Department of Chemical Engineering, Stanford University , 443 Via Ortega, Stanford, California 94305, United States.
SUNCAT Center for Catalysis and Interface Science, SLAC National Accelerator Laboratory , 2675 Sand Hill Road, Menlo Park, California 94025, United States.
Langmuir. 2017 Sep 19;33(37):9464-9471. doi: 10.1021/acs.langmuir.7b01170. Epub 2017 Jul 10.
We have studied the influence of low concentrations (0.1 M) of the ionic liquid 1-ethyl-3-methylimidazolium chloride ([EMIM]Cl) on suppressing the hydrogen evolution reaction (HER) using polycrystalline Ag, Cu, and Fe electrodes in aqueous acidic and basic media. HER suppression is generally desired when aiming to catalyze other reactions of interests, e.g., CO electro-reduction. Cyclic voltammetry and chronoamperometry measurements were performed at potentials between -0.2 and -0.8 V versus the reversible hydrogen electrode (RHE) to investigate HER activity in a simulated CO electrolysis environment without the CO. In an acidic electrolyte, a decrease in HER activity was observed for all three electrodes with the largest effect being that of Fe, where the HER activity was suppressed by 75% at -0.5 V versus RHE. In contrast to the effect of [EMIM]Cl in an acidic electrolyte, no HER suppression was observed in basic media. Using H nuclear magnetic resonance spectroscopy on the electrolyte before and after electrolysis, it was determined that [EMIM]Cl breaks down at both the working and counter electrodes under reaction conditions under both acidic and basic conditions. These results underscore the challenges in employing ionic liquids for electrochemical reactions such as CO reduction.

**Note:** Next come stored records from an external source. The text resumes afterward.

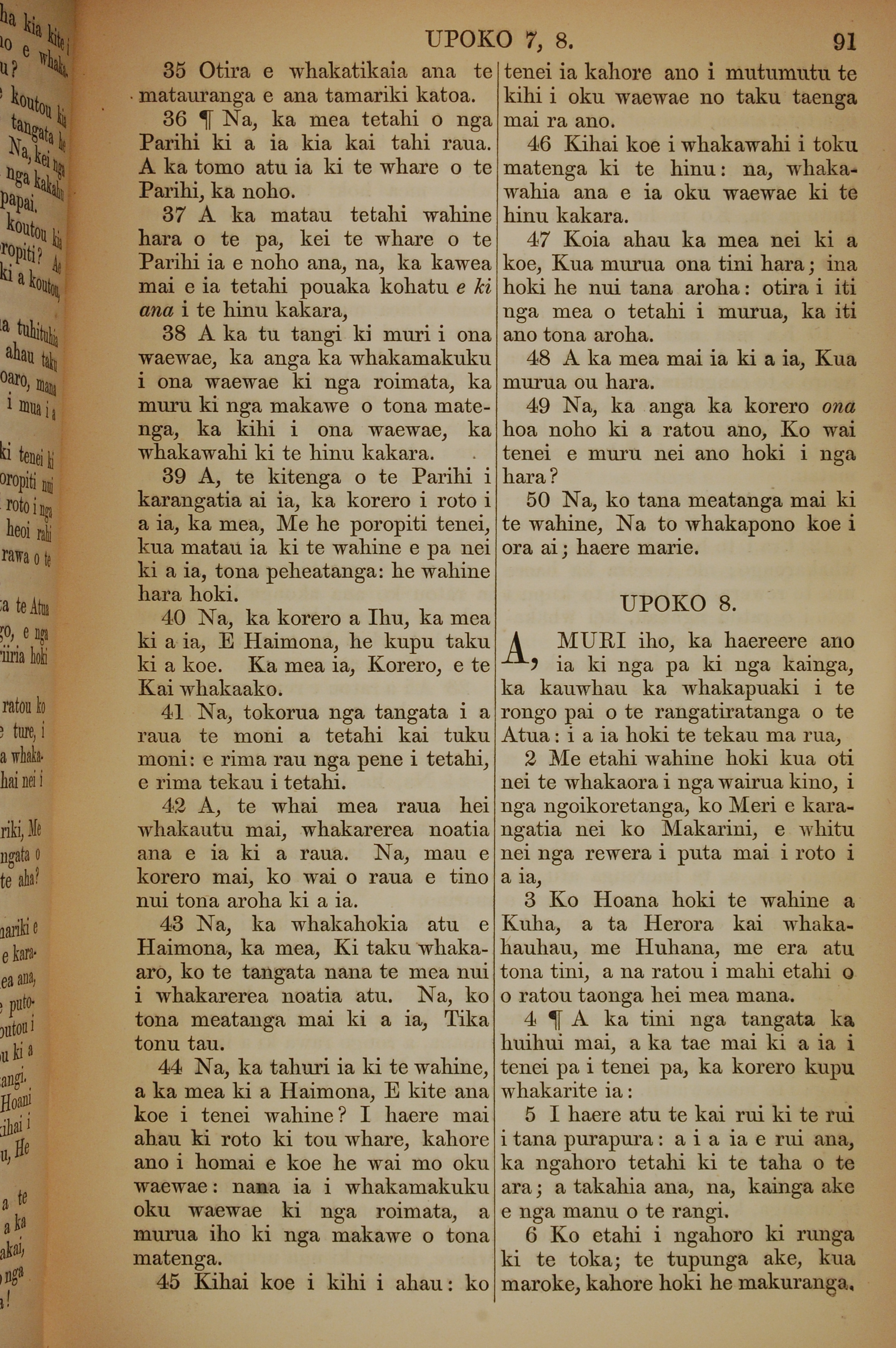 1852年KO TE KAWENATA HOU O TO TATOU ARIKI O TE KAI WHAKAORA O IHU KARAITI 路加福音 7 章 35 節到 8 章 6 節
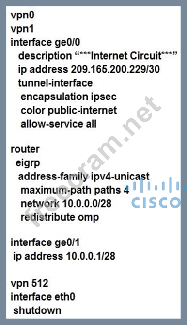 Question 141: Refer to the exhibit. An organization is testing a Cisco SD-...
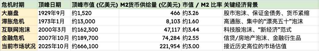 截至2025年10月,当前约 3.00 的比率已经超过了2007年金融危机前的水平,并正在接近历史上由股市驱动的泡沫峰值。这表明:
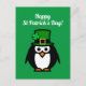 Funny leprechaun penguin St Patrick's Day postcard. Green cartoon design with lucky clover aka shamrock. Fun for kids and adults.

我们研究了低浓度(0.1 M)的离子液体 1-乙基-3-甲基咪唑氯化物([EMIM]Cl)对多晶 Ag、Cu 和 Fe 电极在酸性和碱性水溶液中抑制析氢反应(HER)的影响。当旨在催化其他感兴趣的反应时,通常需要抑制 HER,例如 CO 的电还原。在相对于可逆氢电极(RHE)的-0.2 至-0.8 V 的电位下进行循环伏安法和计时电流法测量,以在没有 CO 的情况下研究模拟 CO 电解环境中的 HER 活性。在酸性电解质中,所有三种电极的 HER 活性均降低,其中 Fe 的影响最大,在相对于 RHE 的-0.5 V 时,HER 活性被抑制了 75%。与酸性电解质中[EMIM]Cl 的作用相反,在碱性介质中未观察到 HER 抑制。通过对电解前后电解质进行 H 核磁共振波谱分析,确定[EMIM]Cl 在酸性和碱性条件下的工作电极和对电极在反应条件下均发生分解。这些结果突出了在 CO 还原等电化学反应中使用离子液体所面临的挑战。